Materials and Methods

The study protocol was approved by the Ethics Committee of Kocaeli University (#349/2014), and written informed consent was obtained from parents and patients prior to treatment. Based on data from a pilot study, a minimum sample size of 34 subjects was calculated using the G*Power software program (Ver. 3.1.9.2; power 0.80, α = 0.05, β = 0.20). Allowing for the possibility that children/parents might subsequently drop out of the study for various reasons, the first 40 children 6–12 years of age applying for routine dental treatment at the Kocaeli University Paediatric Dentistry Clinic who met the inclusion criteria and agreed to participation were selected for the study.

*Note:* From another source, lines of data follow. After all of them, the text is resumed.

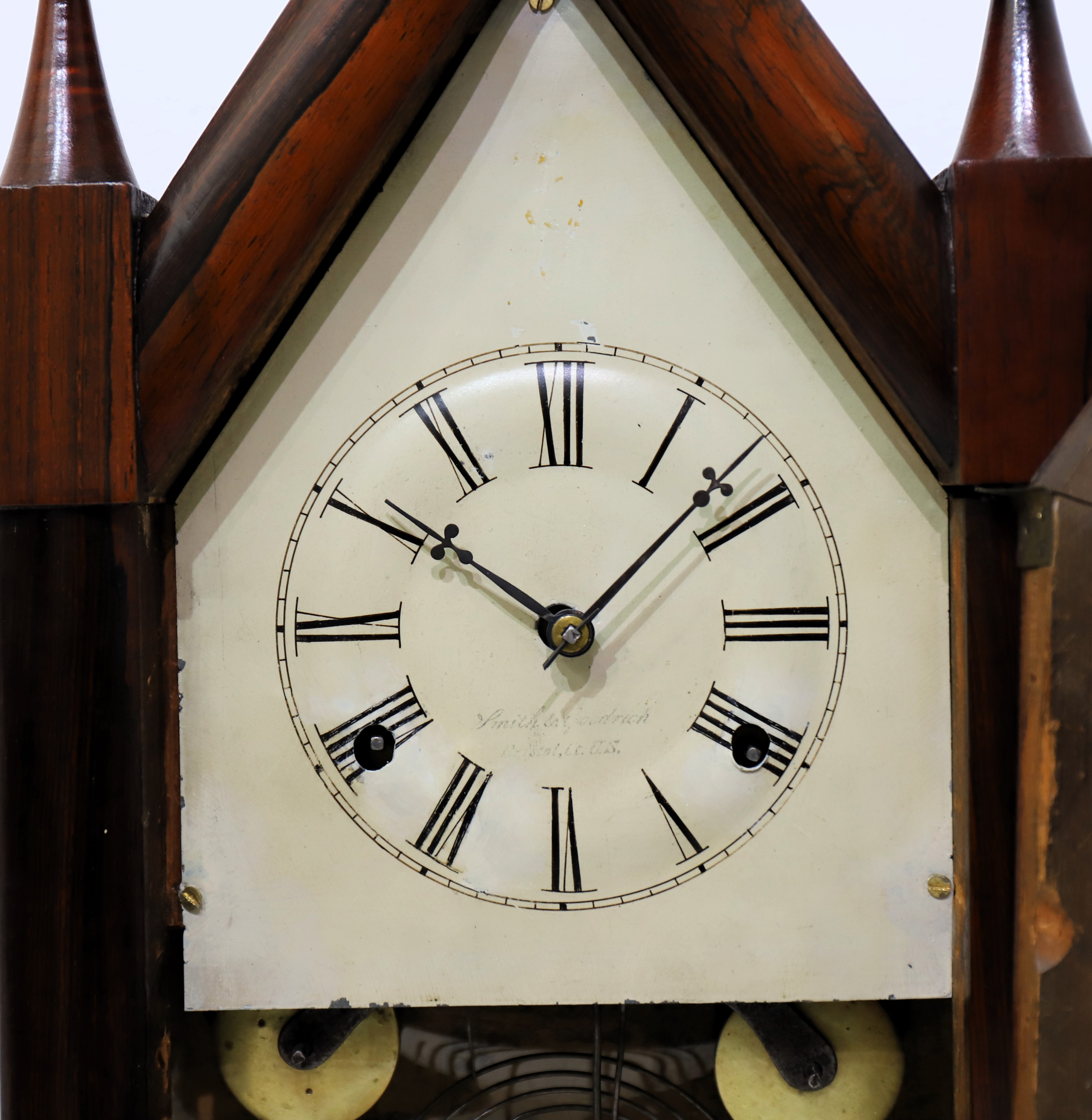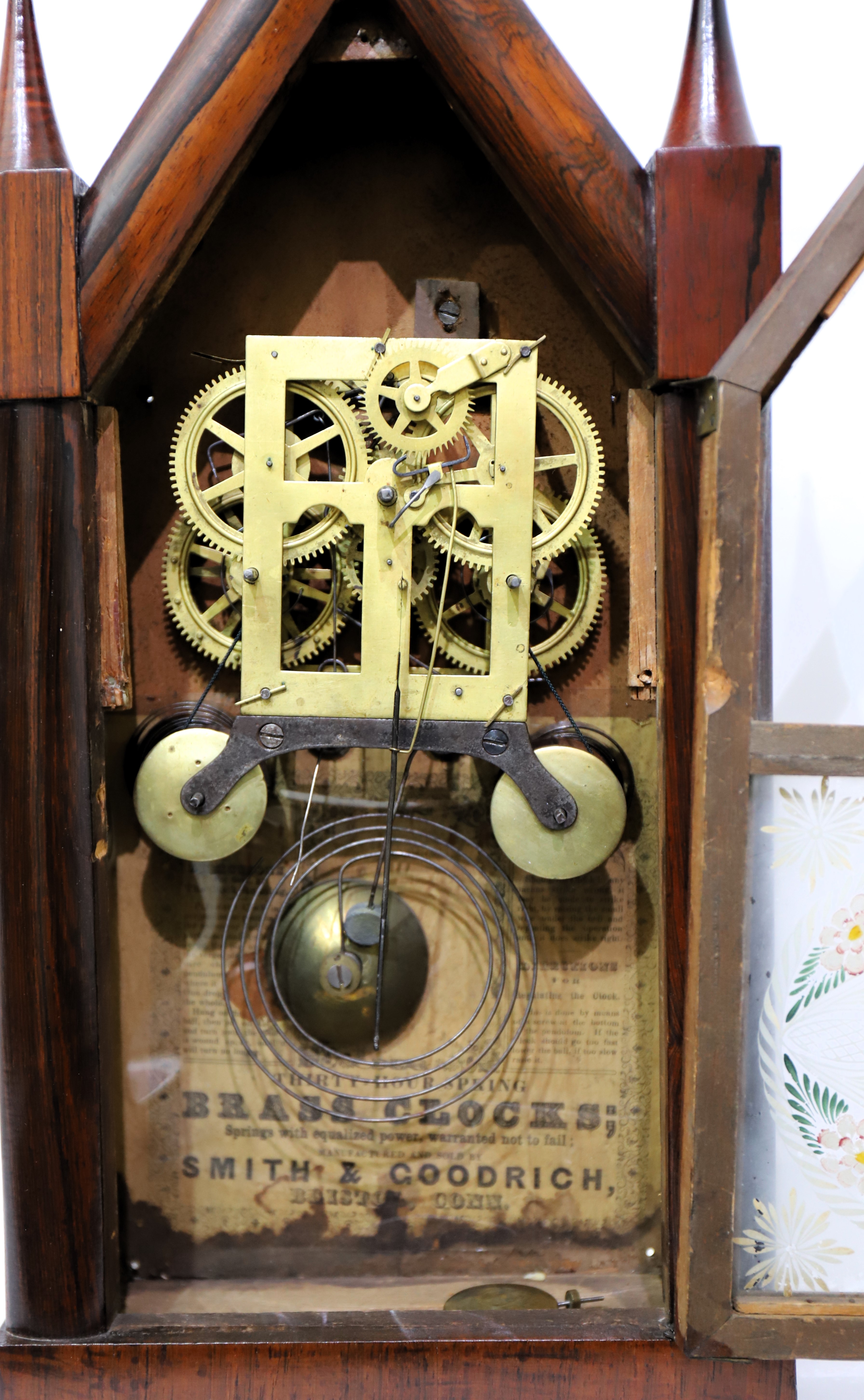and bears the original signature of Smith & Goodrich, Bristol CT. The hands are period. The 30-hour brass time-and-strike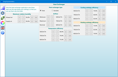 3. Heat exchanger Calculates how warm room air heats up cool ambient air before supplying it as fresh air to the room. While heating up the ambient air, the heat exchanger cools down the room air, which may result in condensate. When the ambient air would be too cold, this calculation dimensions an electric heater to prevent condensate.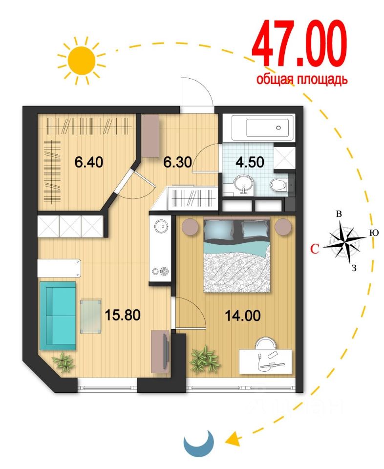 Квартира полностью меблирована и оснащена техникой — можно заехать и жить

All patients required symmetric bilateral primary molar extractions in the maxilla or mandible with similar levels of operative difficulty. When the root, crown, and remaining bone structures were similar sizes on a radiographic examination, the case was considered to entail a similar degree of operative difficulty. Teeth were included in the study if at least two thirds of root formation was complete and if abscess/infection did not exceed one third of the inter-radicular area. Because anxiety may affect the perception and rating of pain, anxiety levels of children and parents were evaluated prior to the study using Corah's Dental Anxiety Scale (DAS),¹⁷ and children and parents who scored ≤12, indicating moderate or no anxiety, and children who did not have tooth extraction experience previously, were also included in the study. Finally, children without a history of prolonged bleeding, platelet disorders, hypersensitivity, and allergic reactions to analgesics or contraindications to laser therapy as well as children without acute pain were included in the study. Children whose parents did not provide a telephone contact number or who were unavailable for supervision during the postoperative period were excluded from the study.

The study was conducted using a randomized, controlled crossover, blind design. All extractions were performed at the same time of day (1.30–2.30 p.m.) with an interval of 1 week between procedures. Maxillary teeth were anesthetized using infiltration anaesthesia, and mandibular teeth were anesthetized using inferior alveolar nerve block anaesthesia. Prior to injection, the injection site was dried, and topical anaesthetic (Hurricaine, Beutlich, 1541 Shields Drive Waukegan IL) was applied with a cotton tip applicator to the area for 60 sec. Local anaesthesia was achieved using articaine hydrochloride with 1/100,000 epinephrine (Ultracaine D-S forte, Hoechst Canada Inc., Montreal Quebec, Canada).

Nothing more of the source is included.